So I went through this moving from Cox to CenturyLink, and pretty
much as described, fairly painless.
<tldr>
I had scheduled a CL tech to install me for new service a few
years ago, and we first hit the outside where CL ran their
cabling in. It was an ancient telephony distribution from the
90's, and I've never had a land-line in my house since owning it
in 2002. My house built in 95 at least used cat5 or like, so I
have 4 pairs to every room, so 2 pairs I need was just fine for
bonded DSL He ripped out the old block, removing the house
cabling but the one, and isolated the particular line we needed
to my office where the modem lives, added an approved jack,
done. Bonded dsl is 2x 2-wire channels, and they essentially
load-balance 75+75mbps channels. I have tested this to n-by
gigabit upstreams.
Phone only guarantees 2 wires are available, so telcos built on
this 100 years ago are a bit assed-out on passable high-frequency
modulation schemas in use for data and other things to move
beyond where they're at. DSL makes up for this, particularly
when double up on wires it gets better, but still unshielded and
prone to breakdown. Problem is mostly it isn't shielded, thus
capable of very high frequency modulation ala Cable/DOCSIS, so it
will never go much further than it has today whereas Cable scales
to gigabits with channelization and QAM modulation at 32bit rates.
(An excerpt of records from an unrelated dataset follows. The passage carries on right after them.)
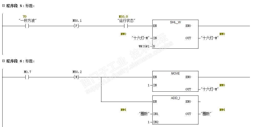 项目要求:当按下I0.0启动,MW0左移16位。如此循环。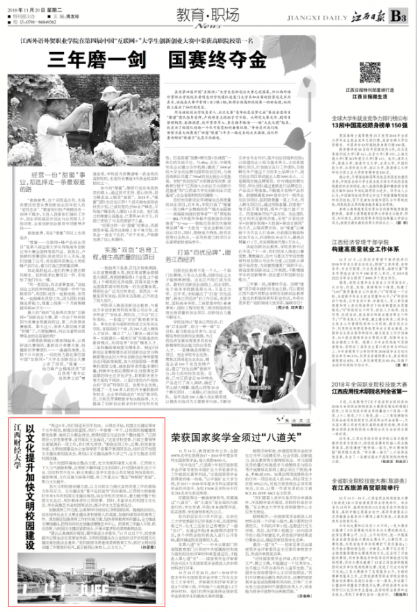 《江西日报》11月20日B3版以《江西财经大学以文化提升加快文明校园建设》为题,对我校文明校园创建工作作了报道。全文如下: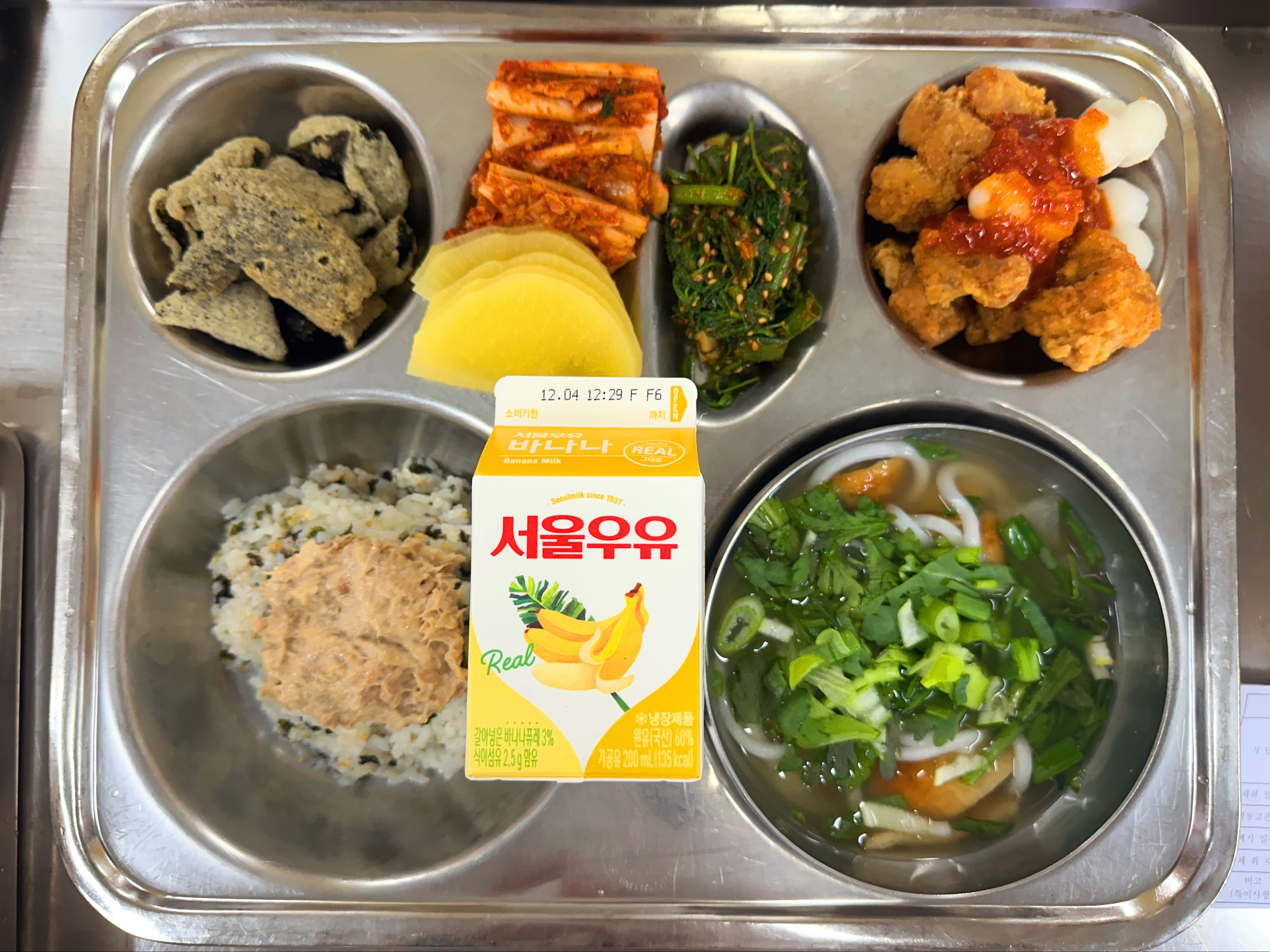 김가루밥&참치마요S (1.5)쌀우동(초) (1.2.5.6.7.9.18)고춧잎나물(자율)(초) (5.6.13)모듬김부각(초) (5.6)반반치킨(초) (5.6.12.13.15)배추김치(초) (9.13)단무지(초) 우유(희망) (2)

VDSL tech is capable of roughly 75mbps per channel, and 2x of
these get you to around CL's bonded DSL limits. This also
includes your distance limitations to your local DSLAM, or
regional router that terminates your data that degrades this
eventually further you are from it, so it's a bit tricky. It's
been stuck here for years, and pretty much at life end. This is
why my cousin living half a mile from me can only get 75mbps from
CL and I can with bonded @150mbps here. Old crap network there.
Fiber, particularly Single Mode, gives you whatever to ~100GbE,
but depends on how your provider does low-rate Passive Optical
Networking (PON) today for residential fiber. Not quite the same
as a business data network, but any fiber is better than copper
networks.
Why Centurylink's only hope for the future is fiber vs. copper in
new builds. I like my 25yr old house still, so no fiber for me
ever. Unless I street cut my block for fiber myself, which I've
considered, just need to get my neighbors to buy into me as their
new gigabit isp. ;)
-mb
On Sat, Aug 8, 2020 at 1:27 PM Jim via PLUG-discuss
<plug-discuss@lists.phxlinux.org
<mailto:plug-discuss@lists.phxlinux.org>> wrote:
Ok. I won't complain if I have to go out and buy a 4
conductor phone cord.
On 8/7/20 9:05 AM, Stephen Partington wrote:
My understanding of this is that they will activate the
second pair that is commonly used in the RJ-43 port in your
wall. This will allow 2 lines active to the device.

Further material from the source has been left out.